An intriguing and unexpected result of working with Annemarie O’Sullivan on my last project, weaving a large scale outdoor sculpture which floated on a lake for 6 months (see Revolution and Resonance 2017 blog) is that I am now learning all manner of construction techniques which have been used over centuries and even millennia. I feel like a very small fish in a very large pond.

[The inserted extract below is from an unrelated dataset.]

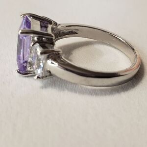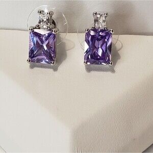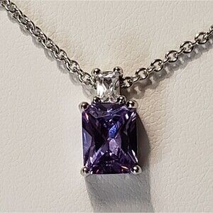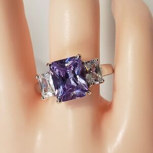 Amethyst type stone, rectangle, with Silver tone Setting and clear crystal type stone, NWOT

Over coming my own prejudice and discovering what a bad image basketry has had is shocking. I only had to look at objects in the British Museum to find that basketry, once a crucial skill which provided means of shelter, clothing, measuring, spiritual and ancestral knowledge, working and trade, also charts identity very closely as each individual place or basket was made of local plants and had a set purpose and this was ubiquitous around the world. After the discovery of new technologies and manufacturing materials that left basketry behind (though it is still the case that every basket made is done by hand) with cheaper mass production it has latterly gained a reputation in this country for its therapeutic mental health benefits. I grew up with big old blackened stone buildings in Yorkshire that had been used as mills and asylums, where patients more recently – often women – would be given weaving tasks to do as a way of occupational therapy, I haven’t researched this history yet but on the face of it, basketry, once a skill so integral to daily life on all levels has now been down graded to a hobby sold as kits in craft shops for children with the attitude you can learn what apprentices used to do for months in just a few minutes … well I am proving this not to be the case anyway – I can tell you it’s harder than it looks!
So my approach to basketry is one of delight and commitment to learning new skills. I have found an area in which allows me to learn construction tecniques that involve using continuous line without complicated machinery and jointing, one that uses materials that are from the landscape around us and one that allows a lot of experimentation and intuitive adjustment as a form is being made.
Rush acorns.
I want to use basketry in my work continuing my exploration of dependency and relationship.
So far I have learned some basic twining with rush and jute.